The Hamawand tribe serves as an example of why it is not appropriate to extrapolate the frequency of tribal appearances from the sources. Despite being a small tribe in terms of numbers, the Hamawands were able to resist two empires. The premodern sources have led to an unjustified assumption that the percentage of the population that was semi-nomadic was significantly higher than what could be supported by the unreliable impressions of the primary sources.
For observers such as Hay, who spent considerable time among the Kurds, this was a fairly straightforward observation. Another important assumption underlying the stereotype of the predominantly semi-nomadic Kurd is a misunderstanding of what tribal affiliation actually meant.
According to tribal tradition, membership in a Kurdish tribe is often traced to descent from a common ancestor. For relatively small groups such as the Hamawand tribe, this popular understanding of tribal identity may be reasonably accurate. It becomes far less plausible, however, when applied to large tribal confederations or to tribes whose prestige and political influence attracted new adherents.
Many major Kurdish tribes explicitly acknowledged that they were confederations rather than strictly genealogical units. The evidence suggests that populations living under the authority, protection, or influence of powerful tribes gradually came to identify themselves with the tribal name. In such cases, settled cultivators and villagers could become members of a tribe without sharing a close genealogical connection to its ruling lineage.
This process helps explain the emergence of tribal subgroups. Certain branches represented the dominant lineage and claimed common ancestry, while others consisted of populations incorporated into the tribe over time through political, military, or social affiliation. Tribal identity was therefore often as much a political and social reality as a genealogical one.
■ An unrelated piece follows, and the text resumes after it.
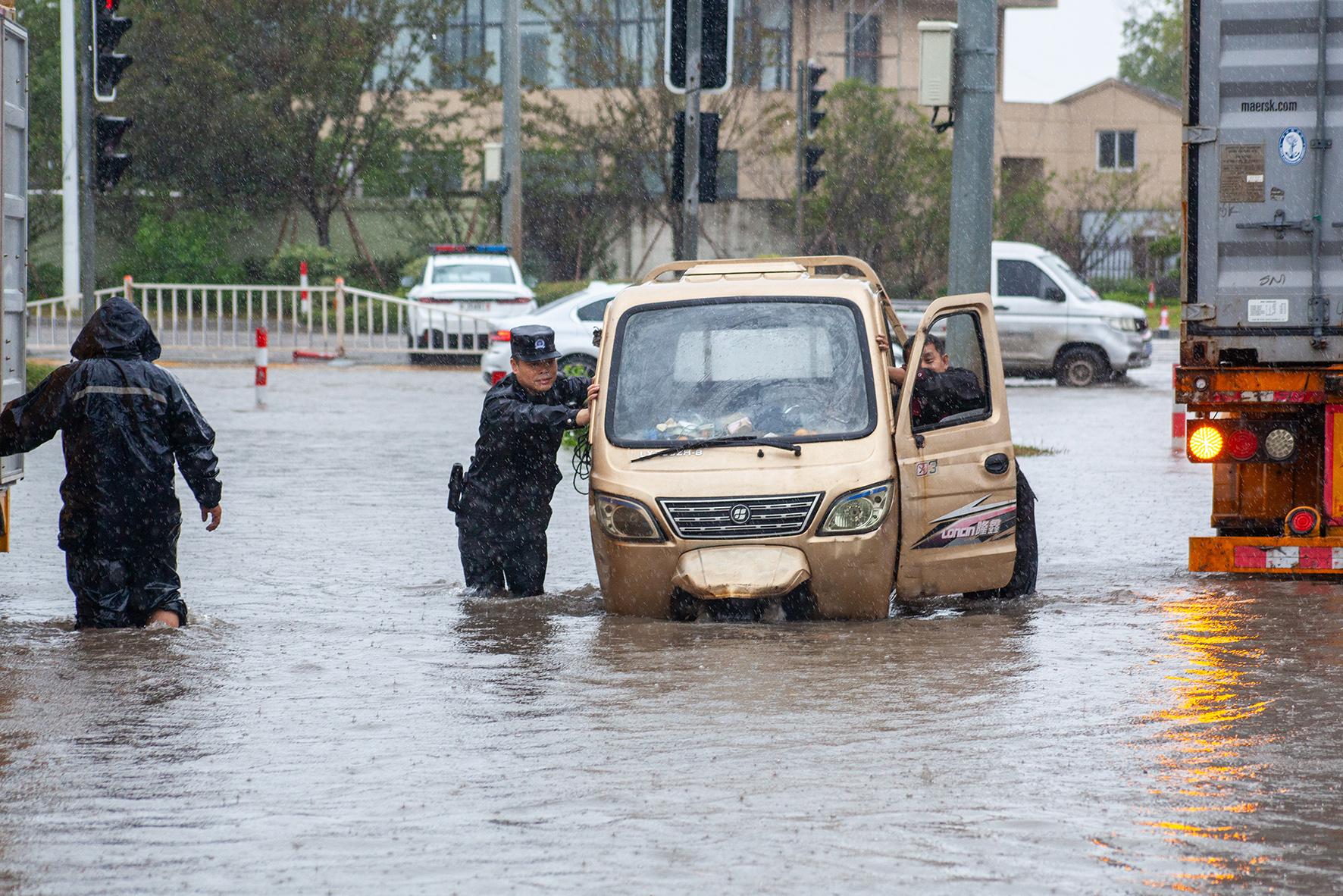 圖為江口派出所民警在雨中救援被困車輛和人員。

Additional evidence against the notion of an overwhelmingly nomadic Kurdish society can be found in the historical record itself indirectly. Some tribes conventionally portrayed as semi-nomadic are described in the sources as having mixed members. The Jaff provide a notable example. Some of the earliest written accounts characterize segments of the tribe as semi-nomadic, while other contemporary sources describe members of the same tribe as settled.
The conclusion is therefore relatively uncontroversial. The most plausible estimate is that Kurdish society consisted of a substantial settled rural population alongside a substantial semi-nomadic one. Neither element can be reduced to a marginal role; both formed significant components of the overall population.
Hay writes:
There is this big difference between the Kurd and the Arab, that whereas in the majority of cases the Arab is nomadic by choice and cannot be persuaded to settle, the Kurd, a pastoral race, is nomadic from necessity or by force of habit, and will readily settle when he sees it will pay him to do so. A TRIBE is a community or confederation of com-munities which exists for the protection of its members against external aggression, and for the maintenance of the old racial customs and standards of life. Some tribes have no recognised chief, some have many.
Almost every true Kurd, whether he lives in a town or a village, even though he is a member of no recognised tribe, will refer to himself as a tribesman, by which he means that he recognises tribal law and customs, and expects others to treat him as enjoying tribal rights. "Ashiratam," " I am a tribesman," is the equivalent of "Civis Romanus sum," or "I belong to a Trade Union "-a claim that must be respected.